– Hum !... Là, Madame, vous risquez de ne découvrir que de bien minces avantages. Je ne vous cacherai pas que mon jeune maître est fort endetté. Il possède, avec cet hôtel parisien, deux châteaux, l'un en Touraine qui lui vient de sa mère, l'autre en Poitou. Mais les terres des deux châteaux sont hypothéquées.

– Auriez-vous mal géré les affaires de votre maître, monsieur Molines ?

– Hélas ! Madame ! M. Colbert lui-même, qui travaille quinze heures par jour pour rétablir les finances du royaume, ne peut rien contre l'esprit de prodigalité du roi, lequel met tous les calculs de son ministre en défaut. De même, M. le marquis engloutit ses revenus, déjà fort diminués par le faste de monsieur son père, en campagnes guerrières ou frivolités de cour. Le roi lui a fait don à plusieurs reprises de charges intéressantes qu'il eût pu faire fructifier. Mais il s'empressait de les revendre pour payer une dette de jeu ou acheter un équipage. Non, Madame, l'affaire du Plessis-Bellière n'est pas pour moi une affaire intéressante. Je m'en occupe par habitude... sentimentale. Permettez-moi de rédiger vos propositions, madame.

Pendant quelques instants, on n'entendit dans la pièce que les grattements de la plume qui répondaient aux crépitements du feu.

« Si je me marie, pensait Angélique, Molines deviendra mon intendant. C'est curieux ! Je n'avais jamais imaginé cela. Il essaiera sûrement de mettre ses longs doigts dans mes affaires. Il faudra que je me méfie. Mais, au fond, c'est très bien ainsi. J'aurai en lui un conseiller excellent. »

– Puis-je me permettre de vous suggérer une clause supplémentaire ? demanda Molines en relevant la tête.

– À mon avantage ou à celui de votre maître ?

– À votre avantage.

– Je croyais que vous représentiez les intérêts de M. du Plessis ?

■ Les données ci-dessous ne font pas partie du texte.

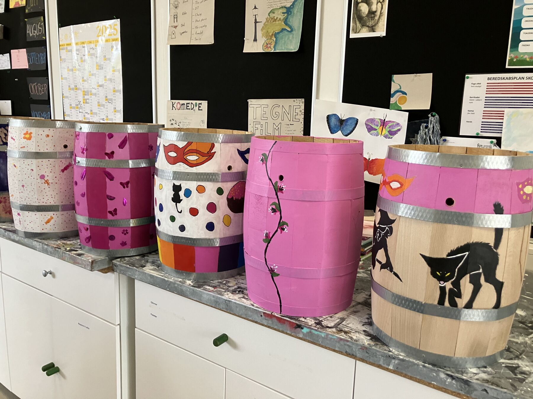 På værkstederne er mellem 70 og 90% af de materialer, vi arbejder med, fra genbrug. Vi laver ting, der kan bruges til noget, som for eksempel tasker, indkøbsnet, upcycling af møbler, upcycling af tøj, kasser af genbrugsmaterialer, spil, årstidspynt...

Le vieillard sourit sans répondre et ôta ses lunettes. Puis il s'appuya contre le dossier de son fauteuil et posa sur Angélique ce regard animé et pénétrant qu'il posait déjà sur elle dix ans auparavant lorsqu'il lui disait : « Je crois vous connaître, Angélique, et je vous parlerai autrement qu'à votre père... »

– Je pense, dit-il, que c'est une très bonne chose que vous épousiez mon maître. Je ne croyais pas vous retrouver jamais. Vous êtes là, contre toute vraisemblance, et M. du Plessis se trouve dans l'obligation de vous épouser. Rendez-moi cette justice, madame, que je ne suis pour rien dans les circonstances qui vous ont amenée à une telle union. Mais il s'agit maintenant que cette union soit une réussite : dans l'intérêt de mon maître, dans le vôtre et, ma foi, dans le mien, car le bonheur des maîtres fait celui des serviteurs.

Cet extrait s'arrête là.